The composition of the Nomination Committee is to be announced not later than six months before the AGM. No remuneration is to be paid to members of the Nomination Committee. Any necessary overhead expenses for work on the Nomination Committee will be defrayed by the company. The Nomination Committee’s term of office extends until the time that the composition of the following Nomination Committee has been announced. The Nomination Committee must take into account the stipulations of the Swedish Companies Act and the Swedish Corporate Governance Code when conducting its work and making its proposals. The Nomination Committee shall present ahead of the AGM proposals concerning Chairman of the AGM, the number of AGM-elected Board members, Chairman of the Board, other AGM-elected Board members, number of auditors, the auditor/s, Board fees divided among the Chairman and other Board members, as well as remuneration for Committee work, remuneration of the company’s auditor and, when applicable, any changes in the proposals for principles for the Nomination Committee.

                                                                

The Board of Directors’ proposal to resolve on a split of the company’s shares and amendment of the Articles of Association (item 19)

In order to facilitate trading in the company’s shares on Nasdaq Stockholm, the Board of Directors proposes that the Annual General Meeting resolves as follows.

  • On a split of the company’s shares, so that each existing share is split into five new shares of the same share class (split 5:1).
  • That the Board shall be authorised to set the record date with Euroclear Sweden AB for implementation of the share split.
  • That, in order to adjust the limits for the number of shares, 5 § in the Articles of Association shall be amended to read as follows:

”The number of shares shall be not less than 250,000,000 and not more than 1,000,000,000.”

  • That the CEO shall be authorised to make those minor adjustments to this decision which may be required in connection with the registration thereof and in relation to Euroclear Sweden AB.

The above proposals shall be conditional upon each other and are proposed to be adopted through one resolution.
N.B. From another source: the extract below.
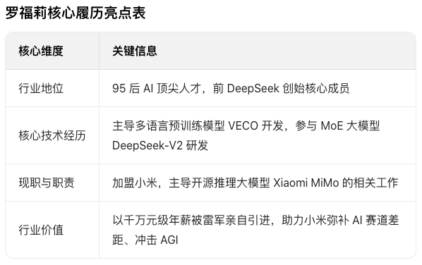此次引援由小米创始人雷军亲自推动,曾传出开出千万元级年薪的重磅条件,背后是小米弥补 AI 赛道起步差距、发力核心技术的决心。罗福莉拥有丰富的大模型研发经验,曾主导多语言预训练模型 VECO 开发,还参与过 MoE 大模型 DeepSeek-V2 的研发,目前已快速投入小米团队工作。

After completed share split, the total number of shares in the company will increase from 90,843,260 to 454,216,300 shares, comprising 30,379,850 class A shares and 422,836,450 class B shares. The share’s quota value will thus be changed from SEK 0.2 to SEK 0.04.

Documents and other information

The annual report and other supporting resolution documentation will be held available at the Lifco’s premises at Verkmästaregatan 1 in Enköping, Sweden, and on the Company’s website lifco.se, no later than three weeks prior to the meeting. The documents will be sent to shareholders who so request and specify their postal address. Shareholders are reminded of their right to request information under Chapter 7, Section 32 of the Swedish Companies Act.

The register of shareholders for the meeting will be held available at Lifco’s premises at the address indicated above.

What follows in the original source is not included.